Now t = $\frac 1{u(x)} \int u(x). Q(x) dx$

t = $\frac{1}{e^{x^2}} \int e^{x^2}. x^3 dx$

Now solve $\int e^{x^2}. x^3 dx$

Put $x^2 = z$

2x dx = dz

$x dx = \frac12 dz$

Above equation become,

$\frac 12 \int e^z. z dz$

Use integration by parts and replace values.

Answer 2

Hint.

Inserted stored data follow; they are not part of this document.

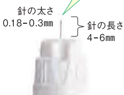
インスリン注射の針(例)
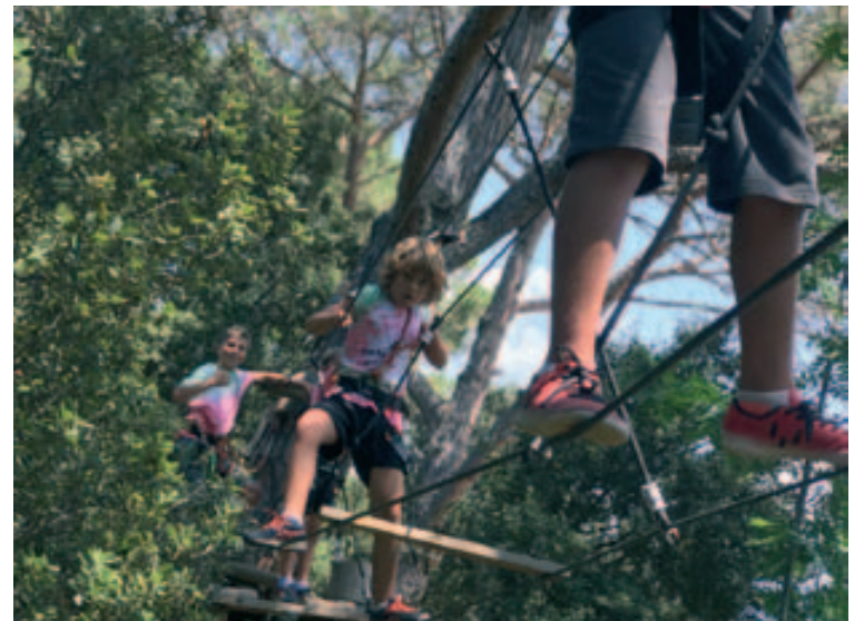
Excursión a Aira Natura

El casal se puso en funcionamiento el 25 de junio y llegan ya a la última semana de actividades. Este próximo viernes 20 de julio finalizarán las actividades del Casal d'Estiu 2018 con una participación de récord. Muchos de los monitores y niños que estos días han participado en el Casal, volverán a encontrarse dos días después, para ir de Colònies d'Estiu o de Camp de Treball durante una semana. ■
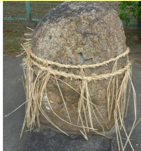
⑤【地神さん こんぴらさん】 (手城中公園の外) 作物がたくさん取れるようにとの願いがこもっています
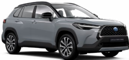
2YY Manhattan szürke fekete tetővel* felár nélkül Executive változathoz
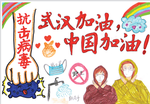
疫情防控 尹建国 作
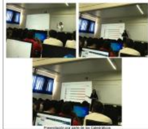
Fotografado por parte de los Catedráticos. * Se anexa en el apartado de anexos el documento original.
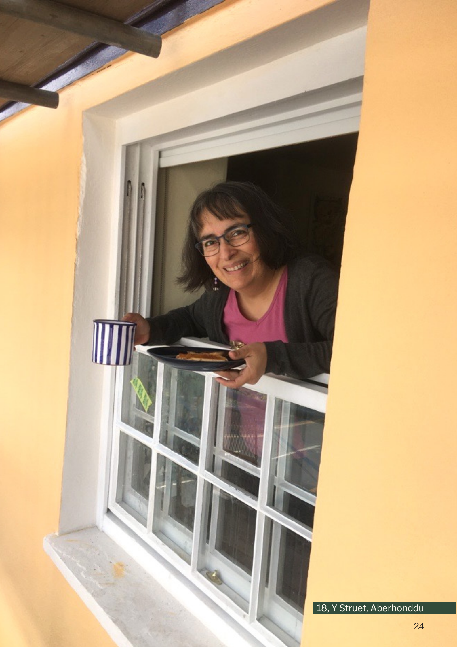
18, Y Struet, Aberhonddu
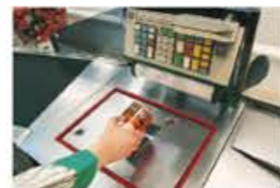
il lettore ottico leolvasó
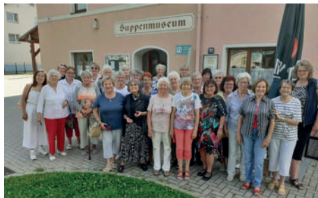
Tanz-Exkursion am 25. Juni 2025 nach Neudorf/Erz.; Foto: Gabriele Schreiter
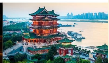
หอแดงหวัง
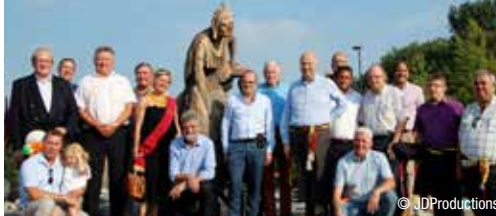
Goede Geburen voorbode van een fusie? p. 2
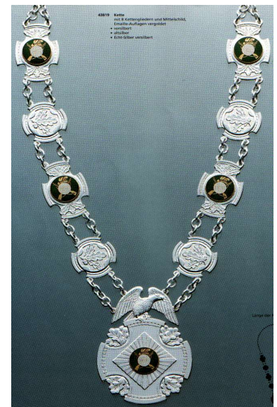
Jugendkönigskette ab 2005
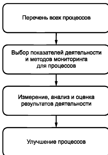
Рисунок 4 — Шаги для использования показателей деятельности

Выбор соответствующих показателей деятельности и методов мониторинга имеет большое значение для результативного измерения и анализа организации. На рисунке 4 представлены шаги для использования показателей деятельности.
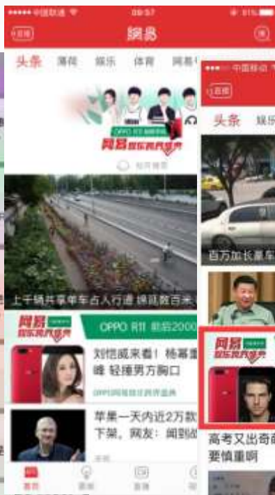
头条栏目首页下拉刷新
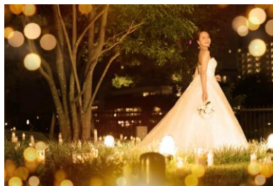
フォトウェディングプラン
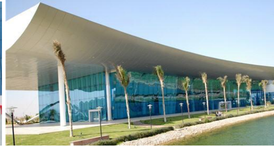
القرية الذكية بالقاهرة

شكل (٣): أمثلة لأزمة الهوية وتأثير الاغتراب الثقافي على العمارة العربية المعاصرة
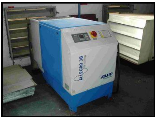
13. Šroubový kompresor ALLEGRO 38
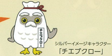
シルバーイメージキャラクター「チエブクロー」

シルバー人材センターでは仕事をする以外にも様々な活動を行っています。ここでは昨年の活動の一例をご紹介します。
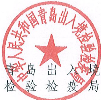
青岛出入境 检验检疫局
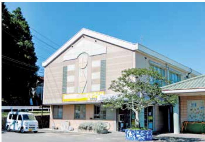
田幸コミュニティセンター

私たち、一人ひとりの努力で誰もが安心して暮らしやすい魅力的で持続可能なまちづくりをめざしていきましょう。
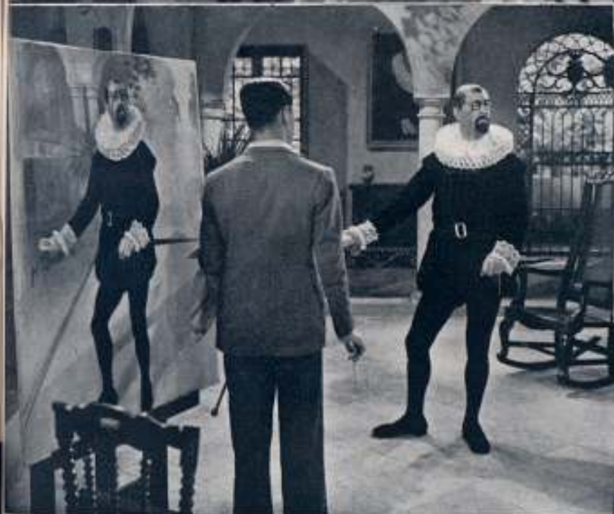
«Poses» de antiguo caballero amante del tradicional sentir y vestir junto al sonreír y vivir moderno que pone en el rostro la alegría de una vida más fácil...
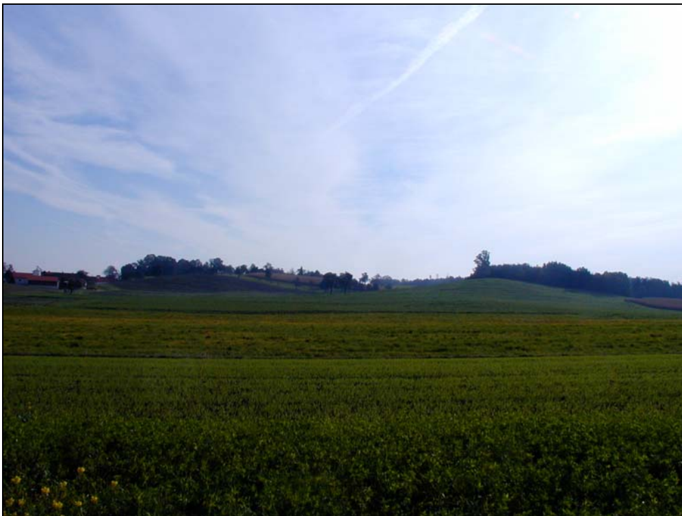
Abb.1: Intensive Ackerwirtschaft mit Weiler Eibhub im Hintergrund, Landschaftsraum 3
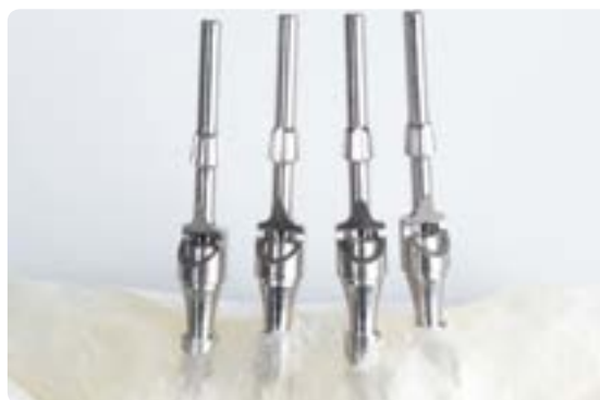
Abb. 20 und 21 Therapieoption: Als günstige teleskopgetragene Lösung kann die Verankerung der Prothese über präfabrizierte Konuskronen (zum Beispiel SynCone-System, Dentsply Implants) erachtet werden. Die präfabrizierten Sekundärteile werden auf die Implantataufbauten aufgesetzt, die Prothese über den Implantaten platziert und die Sekundärteile mit einem Autopolymerisat in der Prothesenbasis verankert

kaum Nacharbeit. Allerdings scheint die Stegherstellung kompromissbehafteter, als noch vor Kurzem angenommen. In einigen Fällen sind Probleme aufgetreten, die uns nachdenklich stimmen. Hierzu gehören zum Beispiel ein kaltverschweißender Effekt von Steg und Reiter, das Auflösen der Riegel, das Auftreten von Bewegungen oder der Verlust von Haltekraft. Das sind zwar Ausnahmesituationen, die jedoch nicht ignoriert werden können. Ein weiterer Nachteil stegretinierter Implantatversorgungen ist zudem die erschwerte Reinigungsfähigkeit. Der Patient muss den Ehrgeiz sowie das notwendige Geschick aufbringen, die Prothese sowie insbesondere den basalen Bereich des Steges tagtäglich zu reinigen. Aus perio-prothetischer Sicht stellen teleskopgetragene Implantatversorgungen eine valide Therapiealternative dar (Abb. 18 und 19).
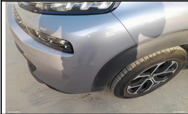
DAÑOS EXTERNOS 1

INFORME-STELL-RE-1047- 2025_(9514841612- 5122MBM).DOC
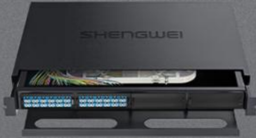
LC 单模48芯 (MDF-201S-48L)
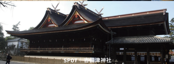
SPOT | 吉備津神社
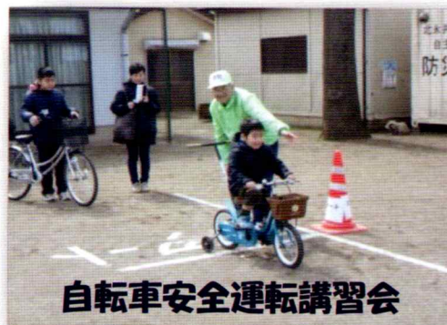
自転車安全運転講習会

この講習の第1の目的は、自転車に関する事故の撲滅に少しでも貢献したいということですが、さらにもう一つの目的は、町内の多くの団体が一つの目的のために心を一つにして活動することの意義を感じ、素晴らしさを知ることです。今回も、東入間警察署、役場自治安心課、二輪車安全普及協会のご協力を頂き、さらに加えて、行政区、民生委員、児童館、育成会、交通安全母の会、交通安全指導員など多くの団体の方々为主旨にご賛同頂き、ご協力が得られたことは大変素晴らしいことでした。親子そろっての参加者も多く、「家族そろって……」が理解され、目的に少しでも近づいたようです。ご協力頂いたすべての団体の方々に心から御礼を申し上げますとともに、この活動がぜひ全町内に広がって行くことを願っております。
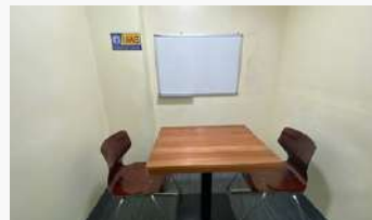
マンツーマンクラス
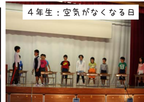
4年生：空気がなくなる日
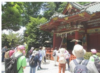
「健康! 歩いて楽習 (がくしゅう) 【本庄方面】」
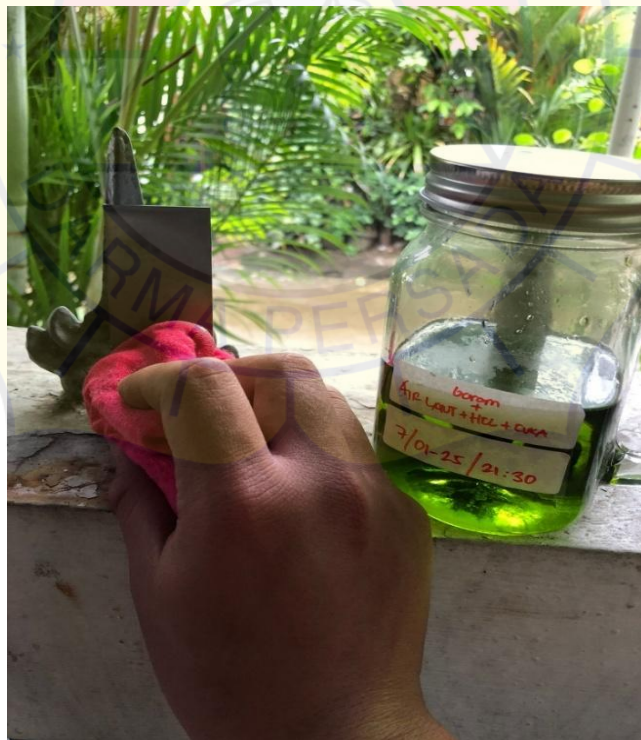
Gambar Lampiran 2 Pengolesan Cairan Asam Pada Plat SS304
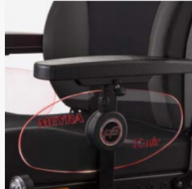
Seitenteilbeleuchtung mit individueller Gravur
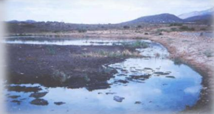
Aplicación M205 a dos semanas
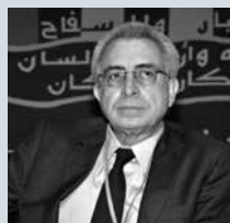
Ernesto Zedillo (presidente)
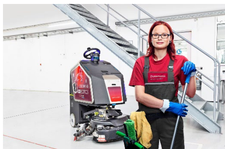
Cobotics in der Unterhaltsreinigung
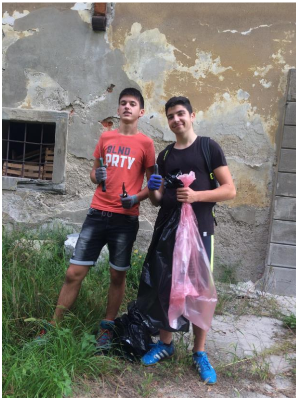
Slika 5: Okoljevarstveni tehniki pri urejanju učne poti v turniškem parku
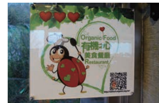
▲（圖8）農糧署「有機之心 美食餐廳」計畫，太平山莊認證餐廳為三顆心認證
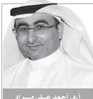
أ.د. أحمد علي مراد

كما عملت على إيجاد مصادر مياه بديلة عن طريق معالجة مياه الصرف الصحي، وبنيت السدود التي بدورها غدت الخزانات الجوفية، كما اعتمدت على التقنيات الحديثة في الزراعة المستلهمة من استراتيجية الأمن المائي ٢٠٣٦، بالإضافة إلى تجربتها الرائدة في برنامج الاستمطار. وأكد البروفيسور مراد أن المجتمعات دور مهم في الحفاظ على المياه كثروة وطنية، من منطلق أن المياه جزء من المجتمع، وهو ما يتطلب من أفراد المجتمع أن يساهموا في تحقيق الحلول لقضية المياه من خلال تجنبهم للهدر واستخدام تقنيات حديثة في الزراعة والالتزام بالإرشادات والقوانين المقننة لاستعمال المياه وتقليل الضغط على الخزان الجوفي لضمان ادخار هذه الثروة للأجيال القادمة.
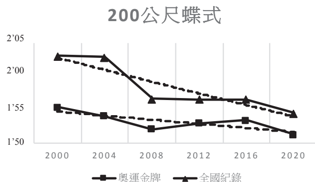
圖 1 200 公尺蝶式奧運金牌選手與我國全國紀錄之成績比較
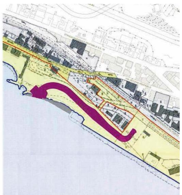
Devviare il traffico. Questa la missione voluta dalle aziende
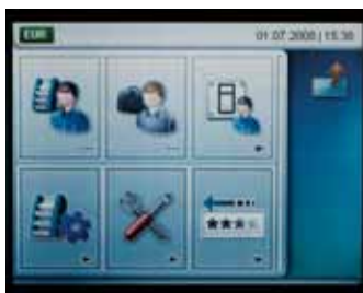
примеры индикации цветного сенсорного экрана
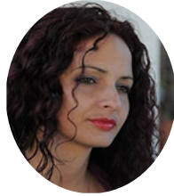
Por: Dorelys Canivell Canal

Hay cuentas de “bodeguero” que te desarman, que te exasperan y desesperan. Cuentas que más de un cubano asalariado ha sacado miles de veces sin que el resultado deje de ser siempre negativo.
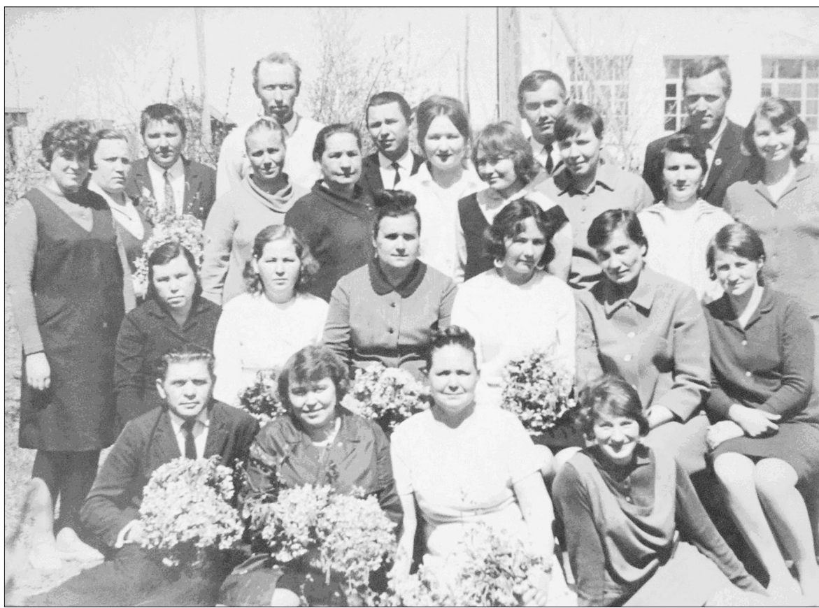
Коллектив Ощепковской СОШ, весна 1968 г.
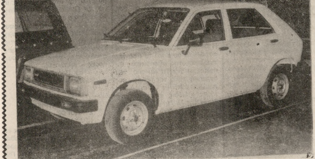
Μην το θαυμάζετε, αποκτήστε το!

Είναι το αυτοκίνητο που απ' την πρώτη ματιά θα σας κατακτήσει. Οι 5 πόρτες του, ο πλεόστος εσωτερικός χώρος, με τα τελευταία καθίσματα, τα ραδιόφωνο, τον πλήρη εξοπλισμό εργαώνων του ταμπλό, τα θερμαινόμενα πίσω καθίσματα, τα φεμά του τζάμια, ο δυνατός και οικονομικός κινητήρας του είναι μερικά από τα πλεονεκτήματά του. Γι' αυτό μόνο θαυμάζομαι μπορείς να το νιώσεις για το ΝΕΟ DAIHATSU CHARADE. Είναι το σωστό οικογενειακό σας αυτοκίνητο. Τώρα έλκει μερείται να το αποκτήσετε. Ακόμα και με ΔΙΑΚΑΝΟΝΙΣΜΟ έως 24 ΜΗΝΩΝ. ΕΓΓΥΗΣΗ - SERVIS - ΑΝΤΑΛΑΚΤΙΚΑ Αποκλειστικοί Αντιπρόσωποι Ν. Ηρακλείου ΕΜΜ. ΜΠΕΛΙΒΑΝΗΣ και ΓΙΟΣ Ο.Ε. Λ. Ικάρου 58 - Τηλ. 287-240
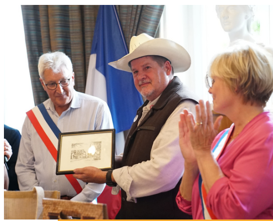
Aujourd'hui il n'y a plus qu'une dizaine d'habitants qui parle encore l'alsacien. On y a maintenu certains aspects du folklore tels que la danse, les costumes et certaines fêtes.

On retrouvait parmi ces Wittelsheimois qui avaient émigré à Castroville des Bader, des Haegele, des Schott, des Zinsmeyer, des Rohrbach, des Burger, des Meyer... Les Solltner, les Kauffmann, les Jegly, les Heguele... Bader et Hegele faisaient partie des fondateurs.
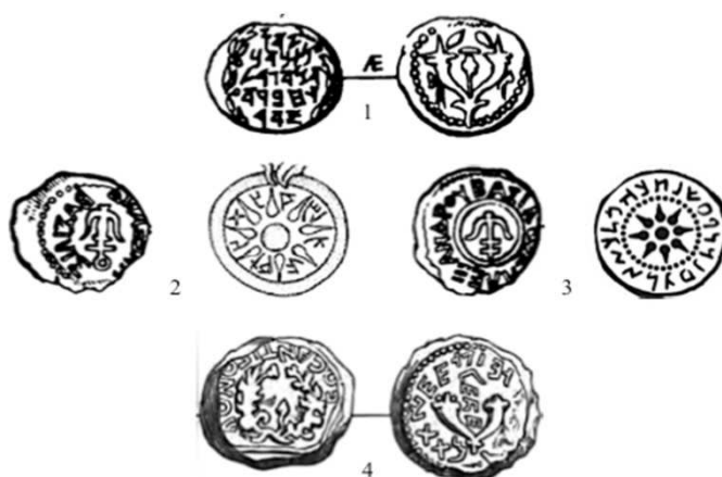
Fig. 2: Monedas Asmoneas: 1 prutá común; 2 prutá ligera; 3 prutá aramea; 4 bronce grande de Matatías Antígono.

El segundo periodo corresponde a las monedas de los asmoneos (c.f. fig. 2), la dinastía judía que, tras la revuelta macabea contra los seléucidas, instaló una monarquía independiente en Judea, en la segunda mitad del s. II a.C. Los gobernantes de esta dinastía acuñaron, hasta el 37 a.C., pequeñas monedas de bronce, en las que se representan símbolos tomados, principalmente, de las monedas seléucidas y se leen leyendas fundamentalmente en paleohebreo, pero también en arameo y griego, donde se menciona los nombres de los gobernantes asmoneos.
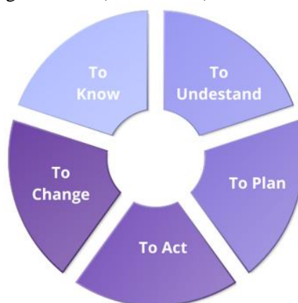
Gambar 1. Tahapan PAR (Participatory Action Research)

Metode yang digunakan pada program pengabdian masyarakat untuk sosialisasi dan pelatihan penggunaan internet sehat ini dengan pendekatan PAR ( Participatory Action Research ). Fokus pendekatan PAR ini berorientasi kepada 3 elemen yaitu pemenuhan kebutuhan, penyelesaian masalah praktis dan pengembangan ilmu pengetahuan dan keberagaman di masyarakat (Mukrimaa et al., 2016). Adapun tahap pendekatan PAR sebagai berikut (Yasir, 2023) :
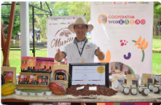
Con cacao premiado en Europa, los Llanos Orientales impulsan un giro histórico para el campo
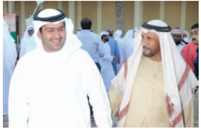
الشيخ خليفة بن سعيد آل نهيان ومحمد بن نعيّف

Guided by the answer/by inspection, we should make the substitution $z := \tan y$. Then the equation becomes $$ z' + 2xz = x^3$$

Answer 3

HINT:

$$\sec^2\left[\text{y}\left(x\right)\right]\cdot\text{y}'\left(x\right)+2\cdot x\cdot\tan\left[\text{y}\left(x\right)\right]=x^3$$

Let $\text{A}\left(x,\text{y}\right)=2\cdot x\cdot\tan\left(\text{y}\right)-x^3$ and $\text{B}\left(x,\text{y}\right)=\sec^2\left(\text{y}\right)$, this is not an exact equation, because:

$$\frac{\partial\space\text{A}\left(x,\text{y}\right)}{\partial\space\text{y}}=2\cdot x\cdot\sec^2\left(\text{y}\right)\ne0=\frac{\partial\space\text{B}\left(x,\text{y}\right)}{\partial x}$$

Find an integration factor, $\rho\left(x\right)$ such that:

$$\rho\left(x\right)\cdot\text{A}\left(x,\text{y}\right)+\rho\left(x\right)\cdot\text{B}\left(x,\text{y}\right)\cdot\text{y}'\left(x\right)=0$$

is exact.

This means:

$$\frac{\partial}{\partial\space\text{y}}\left[\rho\left(x\right)\cdot\text{A}\left(x,\text{y}\right)\right]=\frac{\partial}{\partial x}\left[\rho\left(x\right)\cdot\text{B}\left(x,\text{y}\right)\right]\implies2\cdot x\cdot\rho\left(x\right)\cdot\sec^2\left(\text{y}\right)=\sec^2\left(\text{y}\right)\cdot\rho\left(x\right)$$

This gives:

$$\int\frac{\rho'\left(x\right)}{\rho\left(x\right)}\space\text{d}x=\int2\cdot x\space\text{d}x=\ln\left|\rho\left(x\right)\right|=x^2$$